Exercise details ▸
Each record must be reproduced exactly as it is shown.

Records for this exercise ▸
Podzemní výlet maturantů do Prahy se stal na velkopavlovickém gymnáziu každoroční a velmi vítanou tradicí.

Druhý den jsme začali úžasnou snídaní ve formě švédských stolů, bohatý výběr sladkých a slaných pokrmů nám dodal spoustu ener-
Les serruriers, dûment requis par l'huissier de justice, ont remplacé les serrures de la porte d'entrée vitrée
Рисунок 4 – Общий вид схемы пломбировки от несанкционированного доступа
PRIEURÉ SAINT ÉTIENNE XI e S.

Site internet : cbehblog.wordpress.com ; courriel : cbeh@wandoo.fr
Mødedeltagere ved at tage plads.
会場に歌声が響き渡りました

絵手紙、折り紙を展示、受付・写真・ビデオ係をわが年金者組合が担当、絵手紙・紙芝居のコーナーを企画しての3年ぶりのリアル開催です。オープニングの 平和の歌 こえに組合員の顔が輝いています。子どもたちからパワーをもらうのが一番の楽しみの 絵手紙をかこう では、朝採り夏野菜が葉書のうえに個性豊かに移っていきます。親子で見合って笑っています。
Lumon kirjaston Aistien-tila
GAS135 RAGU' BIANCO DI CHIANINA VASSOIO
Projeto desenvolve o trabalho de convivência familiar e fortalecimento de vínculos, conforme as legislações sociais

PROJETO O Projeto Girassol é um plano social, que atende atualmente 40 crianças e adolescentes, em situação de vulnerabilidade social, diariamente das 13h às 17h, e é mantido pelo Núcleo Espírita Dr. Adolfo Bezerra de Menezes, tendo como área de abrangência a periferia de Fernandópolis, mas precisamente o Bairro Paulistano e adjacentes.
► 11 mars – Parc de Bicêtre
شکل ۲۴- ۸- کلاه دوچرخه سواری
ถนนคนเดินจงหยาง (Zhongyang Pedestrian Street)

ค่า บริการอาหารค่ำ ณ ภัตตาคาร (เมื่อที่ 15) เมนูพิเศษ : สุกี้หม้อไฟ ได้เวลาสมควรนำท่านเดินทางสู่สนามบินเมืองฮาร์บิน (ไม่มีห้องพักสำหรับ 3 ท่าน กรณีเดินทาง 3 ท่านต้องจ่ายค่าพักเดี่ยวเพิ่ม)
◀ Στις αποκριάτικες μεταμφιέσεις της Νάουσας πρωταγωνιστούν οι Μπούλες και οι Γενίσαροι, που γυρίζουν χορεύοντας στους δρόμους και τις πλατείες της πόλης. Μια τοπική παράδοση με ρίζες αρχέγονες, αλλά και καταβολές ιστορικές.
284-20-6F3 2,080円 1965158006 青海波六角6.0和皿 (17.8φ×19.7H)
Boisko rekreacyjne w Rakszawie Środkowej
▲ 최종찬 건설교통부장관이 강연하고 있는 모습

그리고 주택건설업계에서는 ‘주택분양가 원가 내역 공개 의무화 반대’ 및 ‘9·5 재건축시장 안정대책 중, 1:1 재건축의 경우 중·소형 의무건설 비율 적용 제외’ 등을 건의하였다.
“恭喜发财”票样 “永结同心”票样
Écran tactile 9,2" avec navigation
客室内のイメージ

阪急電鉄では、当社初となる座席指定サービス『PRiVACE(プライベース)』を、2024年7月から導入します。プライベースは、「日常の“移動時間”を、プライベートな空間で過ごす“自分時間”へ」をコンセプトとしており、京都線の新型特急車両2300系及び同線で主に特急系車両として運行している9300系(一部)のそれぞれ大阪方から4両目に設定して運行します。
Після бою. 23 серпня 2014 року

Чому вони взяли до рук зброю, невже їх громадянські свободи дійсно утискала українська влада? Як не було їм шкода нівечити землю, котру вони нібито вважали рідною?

Response to this exercise ▸
Podzemní výlet maturantů do Prahy se stal na velkopavlovickém gymnáziu každoroční a velmi vítanou tradicí.

Druhý den jsme začali úžasnou snídaní ve formě švédských stolů, bohatý výběr sladkých a slaných pokrmů nám dodal spoustu ener-
Les serruriers, dûment requis par l'huissier de justice, ont remplacé les serrures de la porte d'entrée vitrée
Рисунок 4 – Общий вид схемы пломбировки от несанкционированного доступа
PRIEURÉ SAINT ÉTIENNE XI e S.

Site internet : cbehblog.wordpress.com ; courriel : cbeh@wandoo.fr
Mødedeltagere ved at tage plads.
会場に歌声が響き渡りました

絵手紙、折り紙を展示、受付・写真・ビデオ係をわが年金者組合が担当、絵手紙・紙芝居のコーナーを企画しての3年ぶりのリアル開催です。オープニングの 平和の歌 こえに組合員の顔が輝いています。子どもたちからパワーをもらうのが一番の楽しみの 絵手紙をかこう では、朝採り夏野菜が葉書のうえに個性豊かに移っていきます。親子で見合って笑っています。
Lumon kirjaston Aistien-tila
GAS135 RAGU' BIANCO DI CHIANINA VASSOIO
Projeto desenvolve o trabalho de convivência familiar e fortalecimento de vínculos, conforme as legislações sociais

PROJETO O Projeto Girassol é um plano social, que atende atualmente 40 crianças e adolescentes, em situação de vulnerabilidade social, diariamente das 13h às 17h, e é mantido pelo Núcleo Espírita Dr. Adolfo Bezerra de Menezes, tendo como área de abrangência a periferia de Fernandópolis, mas precisamente o Bairro Paulistano e adjacentes.
► 11 mars – Parc de Bicêtre
شکل ۲۴- ۸- کلاه دوچرخه سواری
ถนนคนเดินจงหยาง (Zhongyang Pedestrian Street)

ค่า บริการอาหารค่ำ ณ ภัตตาคาร (เมื่อที่ 15) เมนูพิเศษ : สุกี้หม้อไฟ ได้เวลาสมควรนำท่านเดินทางสู่สนามบินเมืองฮาร์บิน (ไม่มีห้องพักสำหรับ 3 ท่าน กรณีเดินทาง 3 ท่านต้องจ่ายค่าพักเดี่ยวเพิ่ม)
◀ Στις αποκριάτικες μεταμφιέσεις της Νάουσας πρωταγωνιστούν οι Μπούλες και οι Γενίσαροι, που γυρίζουν χορεύοντας στους δρόμους και τις πλατείες της πόλης. Μια τοπική παράδοση με ρίζες αρχέγονες, αλλά και καταβολές ιστορικές.
284-20-6F3 2,080円 1965158006 青海波六角6.0和皿 (17.8φ×19.7H)
Boisko rekreacyjne w Rakszawie Środkowej
▲ 최종찬 건설교통부장관이 강연하고 있는 모습

그리고 주택건설업계에서는 ‘주택분양가 원가 내역 공개 의무화 반대’ 및 ‘9·5 재건축시장 안정대책 중, 1:1 재건축의 경우 중·소형 의무건설 비율 적용 제외’ 등을 건의하였다.
“恭喜发财”票样 “永结同心”票样
Écran tactile 9,2" avec navigation
客室内のイメージ

阪急電鉄では、当社初となる座席指定サービス『PRiVACE(プライベース)』を、2024年7月から導入します。プライベースは、「日常の“移動時間”を、プライベートな空間で過ごす“自分時間”へ」をコンセプトとしており、京都線の新型特急車両2300系及び同線で主に特急系車両として運行している9300系(一部)のそれぞれ大阪方から4両目に設定して運行します。
Після бою. 23 серпня 2014 року

Чому вони взяли до рук зброю, невже їх громадянські свободи дійсно утискала українська влада? Як не було їм шкода нівечити землю, котру вони нібито вважали рідною?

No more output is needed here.